* [What is expected] Copy out the entries that follow exactly, leaving out the pictures.
————
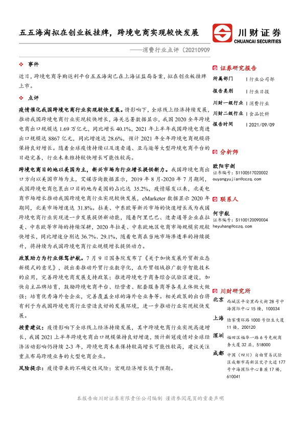 【川财证券】【20210909】五五海淘拟在创业板挂牌,跨境电商实现较快发展-2页
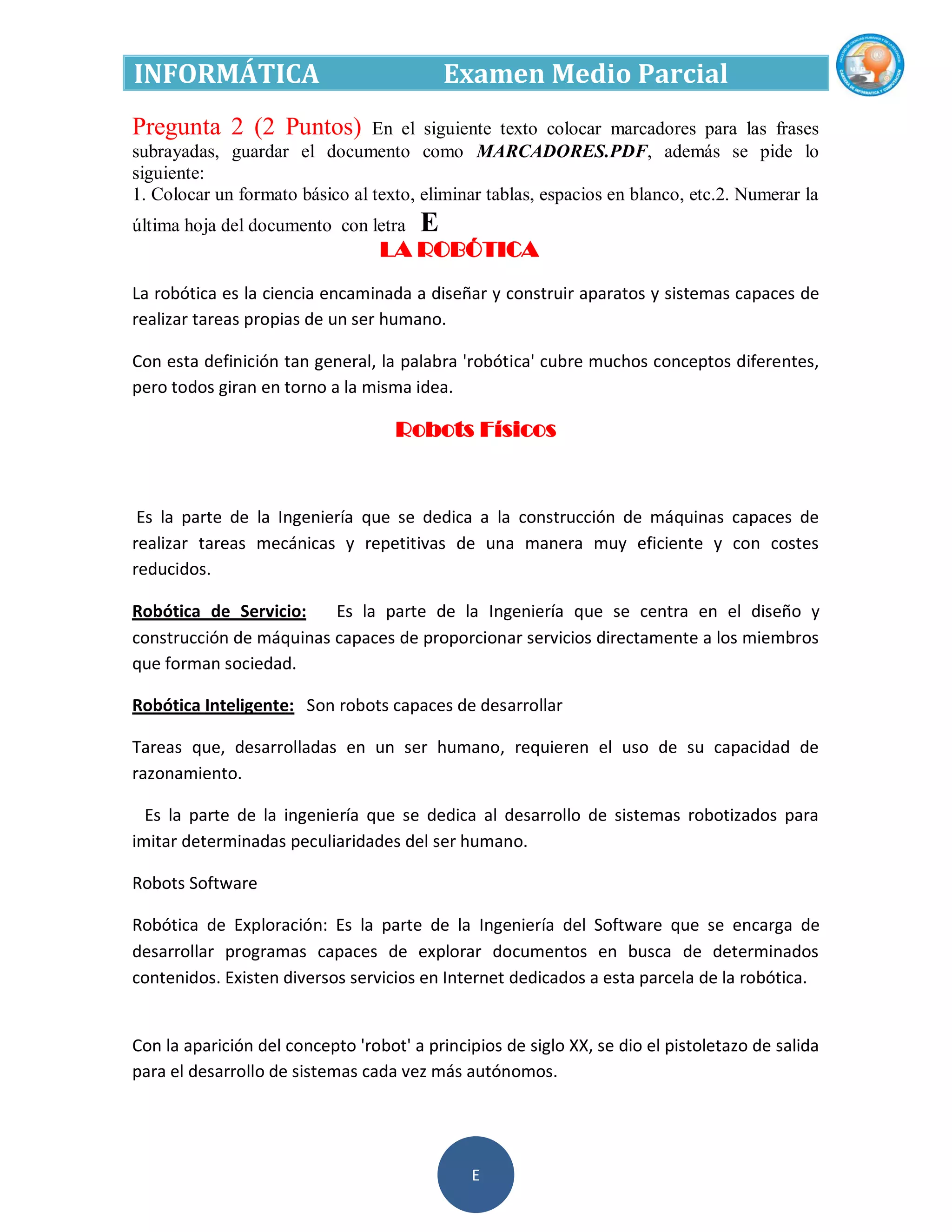 Este documento habla sobre diferentes tipos de robótica. Define la robótica como la ciencia dedicada a diseñar y construir aparatos que pueden realizar tareas humanas. Luego describe robots físicos para tareas mecánicas y repetitivas, robótica de servicio para proveer servicios a la sociedad, y robótica inteligente para tareas que requieren razonamiento humano. También menciona robótica de software y de exploración.
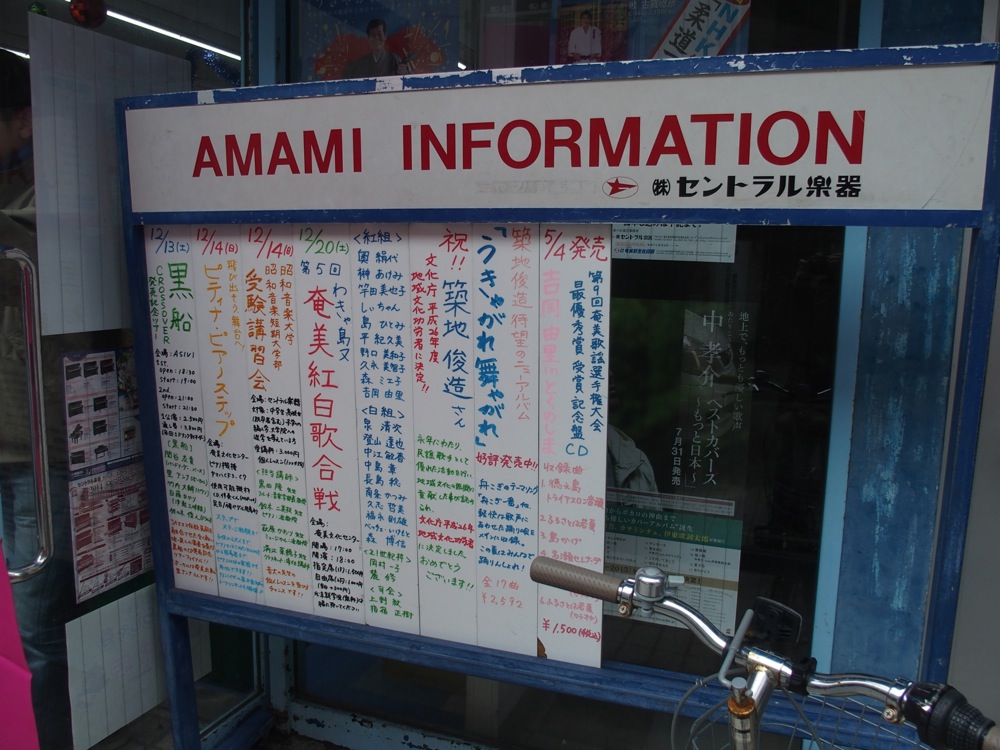 この事は、後から集合したメンバーにもすぐに伝えられ、関谷君は早速、奄美のコンビニであるワンツースリーマートにて追加の新聞を購入していたのでした。そして、この後には名瀬にある楽器屋、セントラル楽器にも御挨拶。お店の入口には、今日行うライブの事が手書きで宣伝されていて(左下写真参照)、とても味わい深かったです。
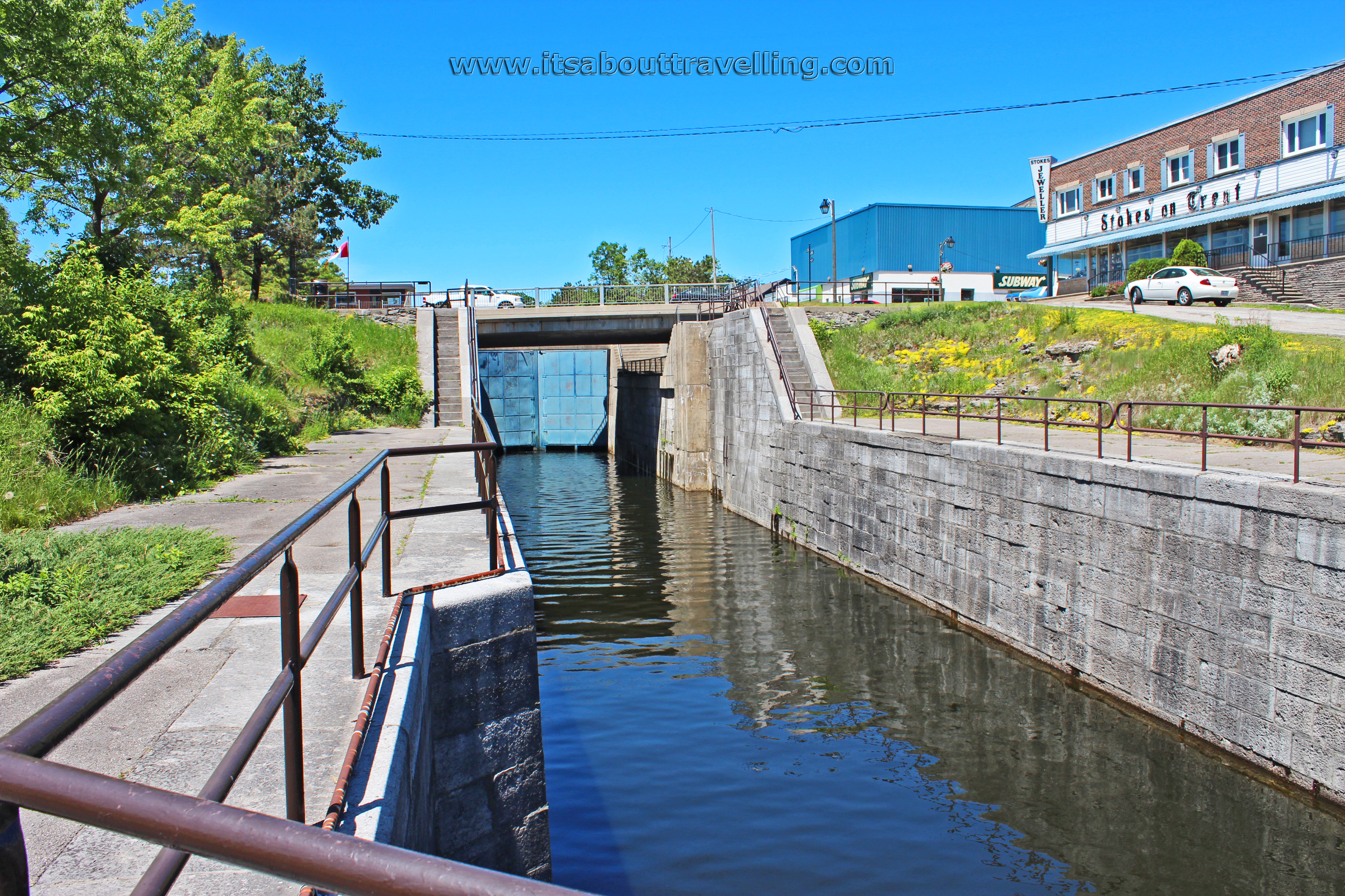 Above is a view up the canal to the big blue doors. The land to the left is the island with the waterfall on the other side. The land to the right is the old business section of Fenelon Falls. On the right of the canal, the walkway can be seen going up stairs to street level before dropping back down again to go under the bridge.
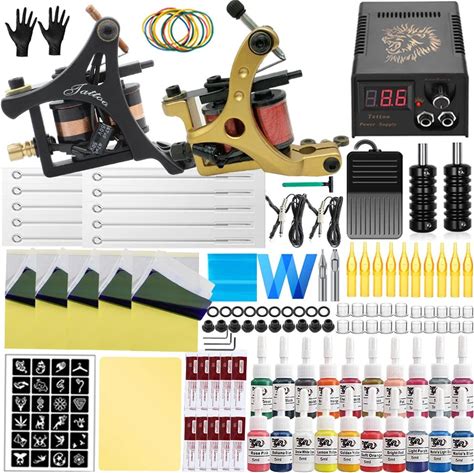 Complete Coils Tattoo Machine Kit Power Supply With Coils Machine Needles Ink Accessories Set Tattoo
————
* [Problem solution]
 【川财证券】【20210909】五五海淘拟在创业板挂牌,跨境电商实现较快发展-2页
 Este documento habla sobre diferentes tipos de robótica. Define la robótica como la ciencia dedicada a diseñar y construir aparatos que pueden realizar tareas humanas. Luego describe robots físicos para tareas mecánicas y repetitivas, robótica de servicio para proveer servicios a la sociedad, y robótica inteligente para tareas que requieren razonamiento humano. También menciona robótica de software y de exploración.
 この事は、後から集合したメンバーにもすぐに伝えられ、関谷君は早速、奄美のコンビニであるワンツースリーマートにて追加の新聞を購入していたのでした。そして、この後には名瀬にある楽器屋、セントラル楽器にも御挨拶。お店の入口には、今日行うライブの事が手書きで宣伝されていて(左下写真参照)、とても味わい深かったです。
 Above is a view up the canal to the big blue doors. The land to the left is the island with the waterfall on the other side. The land to the right is the old business section of Fenelon Falls. On the right of the canal, the walkway can be seen going up stairs to street level before dropping back down again to go under the bridge.
 Complete Coils Tattoo Machine Kit Power Supply With Coils Machine Needles Ink Accessories Set Tattoo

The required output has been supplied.